Zaza is a 1915 American silent romantic drama film produced by Famous Players Film Company in association with the Charles Frohman Company, and distributed by Paramount Pictures. The film was directed by Edwin S. Porter and Hugh Ford and stars Pauline Frederick in the title role. The film is based on the 1899 French stage play of the same name that starred Mrs. Leslie Carter, and the American adaptation by David Belasco.

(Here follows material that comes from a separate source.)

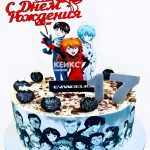 Торт на день рождения с печеньем и фотопечатью аниме Евангелион
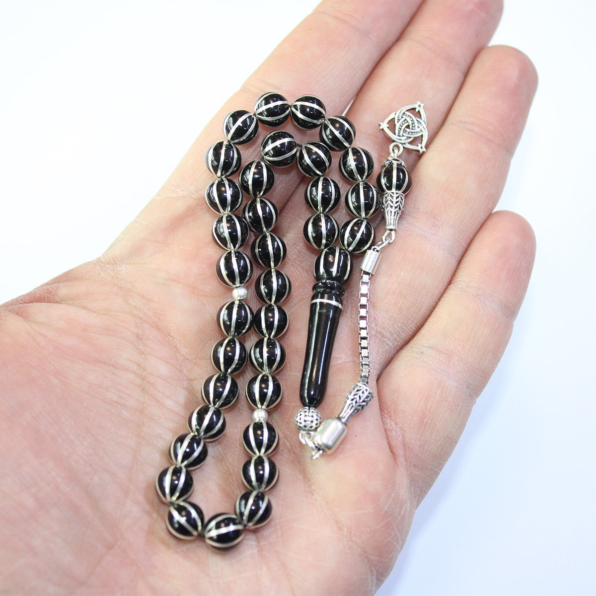 8 li Karpuz İşlemeli Oltu Taşı Tespih 7 (mm)

Zazas original release date was scheduled for October 4, 1915. A nitrate fire at the Famous Players studio on September 11, 1915, caused the film's release to be delayed until November 11.

==Cast==
- Pauline Frederick as Zaza
- Julian L'Estrange as Bernard Dufrene
- Ruth Sinclair as Madame Dufrene
- Maude Granger as Aunt Rosa
- Blanche Fisher as Louise
- Helen Sinnott as Nathalie
- Mark Smith as Cascart
- Charles Butler as Duc de Brissac
- Walter Craven as Dubois
- Madge Evans as Child (uncredited)

==Other adaptations==
The play was adapted for the screen again in 1923 starring Gloria Swanson, and in 1939, starring Claudette Colbert.

==Preservation==
Zaza is currently presumed lost. In February of 2021, the film was cited by the National Film Preservation Board on their Lost U.S. Silent Feature Films list.